Atlantide Phototravel//Getty ImagesJackson Square, located in the heart of New Orleans's French Quarter, is a historic landmark with roots dating back to 1721. Designed to resemble Paris's Place des Vosges, this beautiful locale has witnessed battles, executions, weddings, and various forms of entertainment throughout history. Today, it is a gathering place for local artists to showcase their works, and visitors can enjoy world-famous beignets from Cafe du Monde.
Situated just a short train ride from Naples, Pompeii is an ancient city that met a tragic fate when it was covered in volcanic ash. This catastrophic event preserved the city as it stood on the day of Mount Vesuvius' eruption in 79 CE. As you wander through Pompeii, you can explore Roman homes, villas, baths, and businesses. Many of these spaces still hold pots, vases, and beautiful frescoes. Additionally, you can encounter the hauntingly powerful casts of victims trapped in ash at the moment of their demise.
Admission to Pompeii is priced at 16 EUR, and for a more immersive experience, a guided tour with a professional archaeologist is available for 59 EUR.
Where to Stay: Hostel of the Sun - This cozy, award-winning hostel in Naples offers private and dorm rooms, as well as complimentary breakfast each morning.
To begin planning your trip, I recommend reading my budget travel guide to Pompeii!
***The world is filled with numerous remarkable historical sites, and while these are the best, there are many other destinations worth exploring. Take the time to research and create your own list! The more we learn about and understand the past, the better equipped we are to comprehend the present actions of individuals. Visiting these attractions and delving into our history facilitates this understanding and aids us in moving forward.

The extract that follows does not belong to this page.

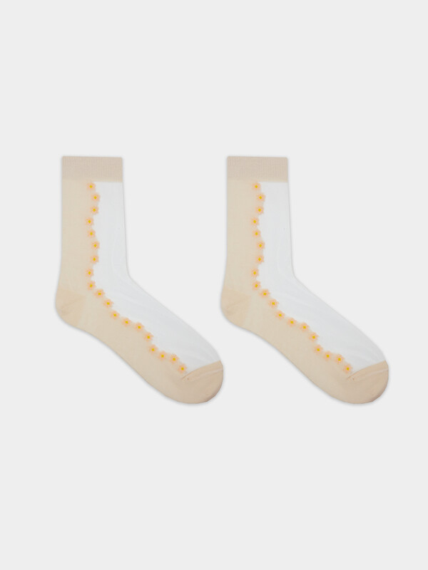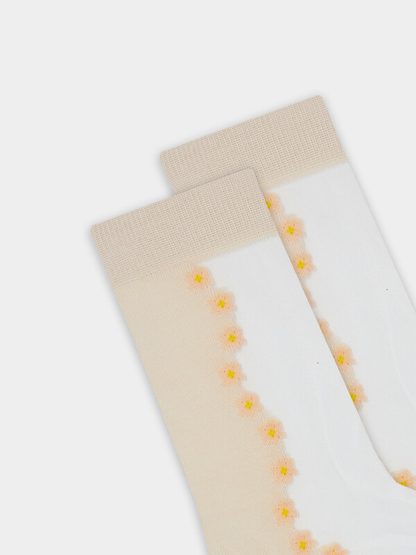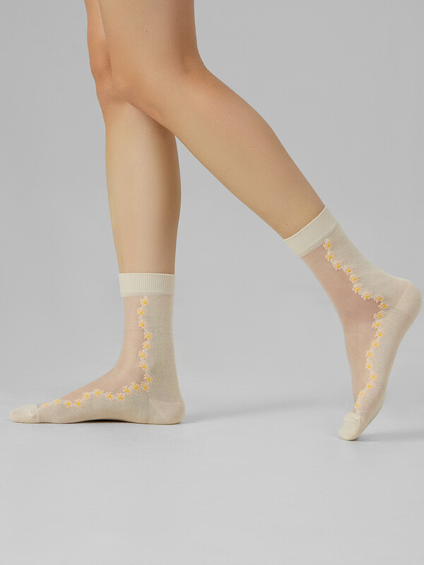 рис.3147. Женские носки классической длины с прозрачной зоной на паголенке и верхней части следа с рисунком в виде мелких цветочков.

These are just a few of the world's most captivating historical landmarks, each carrying with it a rich tapestry of stories and an undeniable sense of awe. From the ancient wonders of Chichén Itzá and the Pyramids at Giza to the modern marvels of One World Observatory and the National September 11 Memorial & Museum, these sites remind us of the incredible feats accomplished by human hands and the impact they have had on our shared history. So, whether you have a passion for ancient civilizations, a curiosity about pivotal moments in American history, or simply a thirst for adventure, these historical landmarks are waiting to be explored and their stories to be unraveled.